Thanks for the comment. The way the user pass a handle to an arbitrary function would be via addRSVP as: addRSVP(... 'manualList', list).

This is done once at the beginning of the experiment. When shuffle is subsequently called without any arguments in baseBeforeTrial or in updateRSVP, then o.list is recycled. The recycling of o.list in baseBeforeTrial is precisely what we aim to achieve. The recycling in updateRSVP would be what a user would expect, I suppose. My understanding of block is pretty shallow as I have not used block with rsvp. If you can suggest an example code, I can dig and think more deeply.

I guess a support for reactive changes in trial order based on results is bit too advanced at this stage, unless there is a demand for it.

I can upload another pull request implementing what I wrote and checked with my stimulus code.

adammorrissirrommada commented 2 years ago

The design object is meant to contain all the information about conditions, their repeats, and ordering etc. The same object, with the same code for specifying those details, is used whether you are defining a factorial design for an experiment (i.e. by using it to create a block and then calling c.run(myBlock), or for an RSVP stream by passing the design object to addRSVP(myDesign). The only difference between the two is whether it steps through the list across or within trials.

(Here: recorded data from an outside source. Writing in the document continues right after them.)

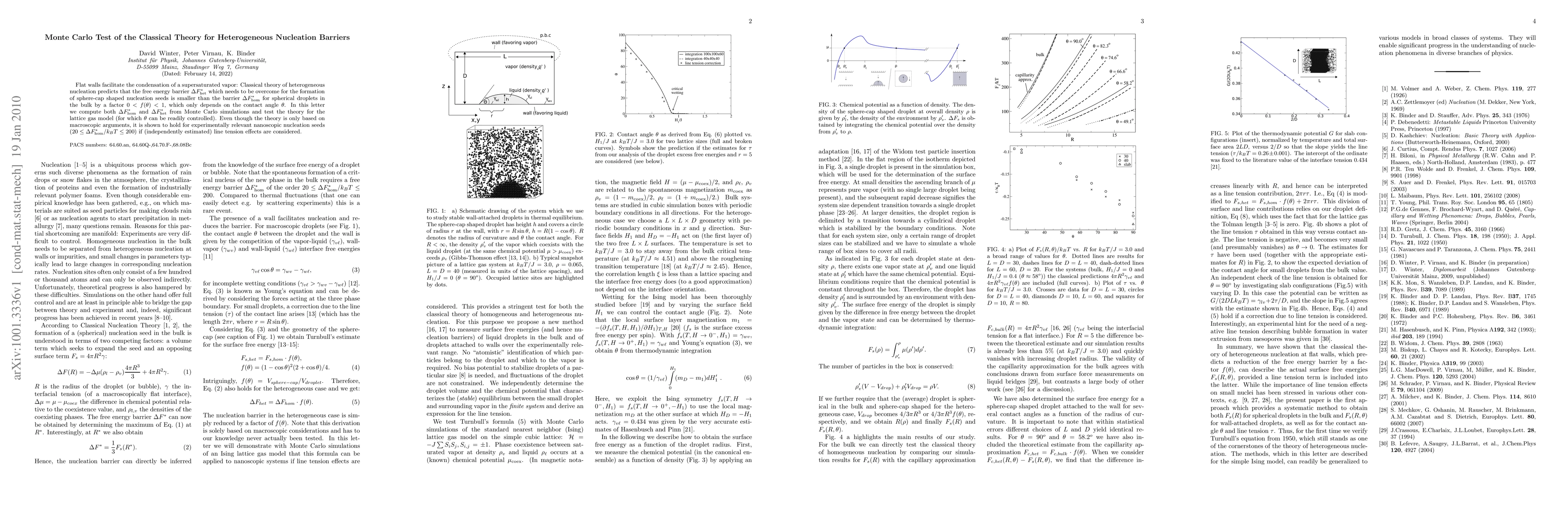 This paper uses Monte Carlo simulations to test the classical theory of heterogeneous nucleation, finding that the predicted reduction in free energy barriers for nucleation seeds on flat walls holds true for nanoscopic scales, provided line tension effects are accounted for. The study confirms the theory's applicability to experimentally relevant conditions.
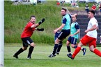 Stadtlauringens Simon Neubert umdribbelt Steinbachs Keeper Jason Kürschner, schießt dann aber vorbei.
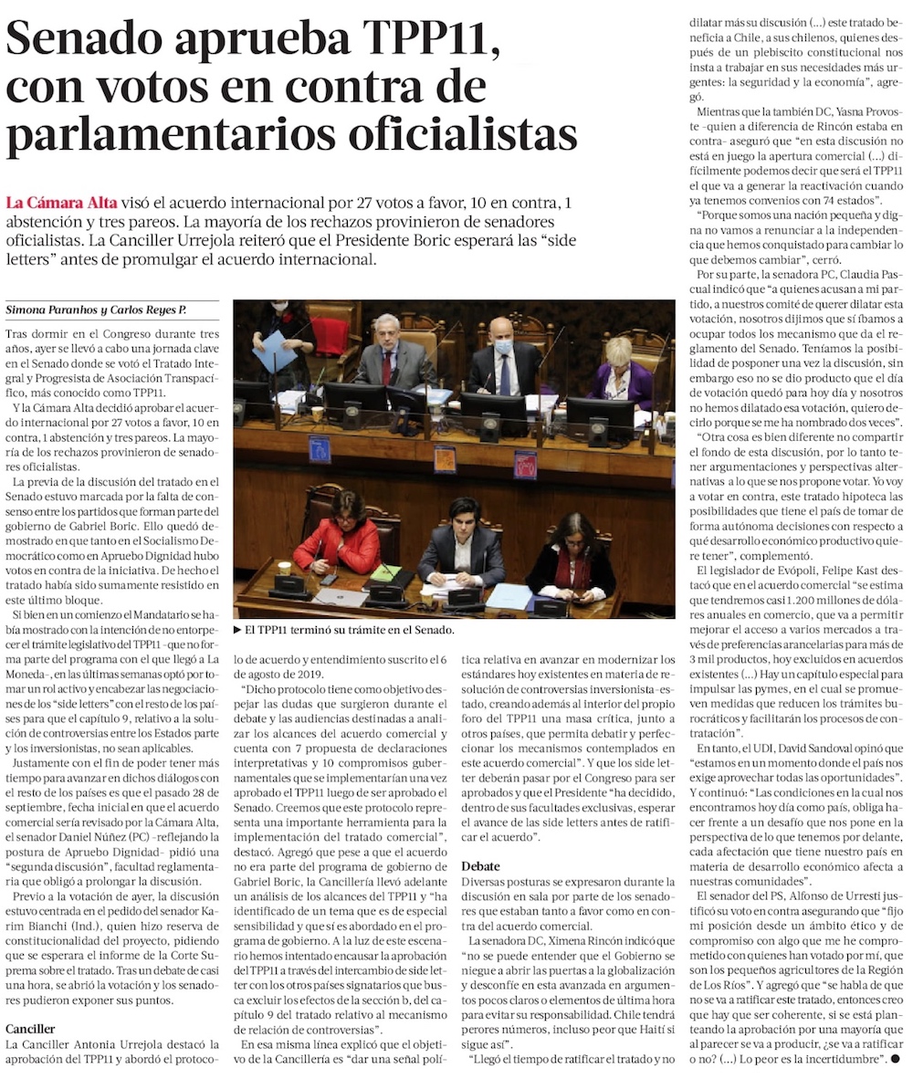 Sala del Senado da luz verde al TPP11 pese a críticas, pero el Gobierno seguirá con proceso de side letters - (Diario Financiero)

For this reason, any option for manual specification of condition order has to be stand-alone, built into design, not as an additional argument to addRSVP()

adammorrissirrommada commented 2 years ago

As I said above, I don't think the committed version is a good solution. It solves the problem you have now (manual rsvp) but not the one we will get asked about tomorrow (and have had in the past): "how can I set the order of trials in my experiment to an arbitrary order?".

Similar to @bartkrekelberg's suggestion, could it perhaps be achieved instead by a function in design.m named setConditionOrder(condOrder), which overrides value of o.randomization to manual and sets o.list. then, make shuffle() do nothing to o.list for that mode.

So list remains frozen until someone next calls setCondOrder() (if a new order is desired), which could be done in a beforeBlock() callback, for example.

This is essentially the same solution Bart suggested but it's wrapped in a more intuitive function name and would allow shuffle() to remain protected (is it?).

This allows you to set up the design, including order, and then hand that to addRSVP(). Cleaner because it solves both problems and keeps design functionality in design.m and out of stimulus.m

dshimaoka commented 2 years ago

Thanks, another pull request reflecting the Adam's suggestion will be uploaded.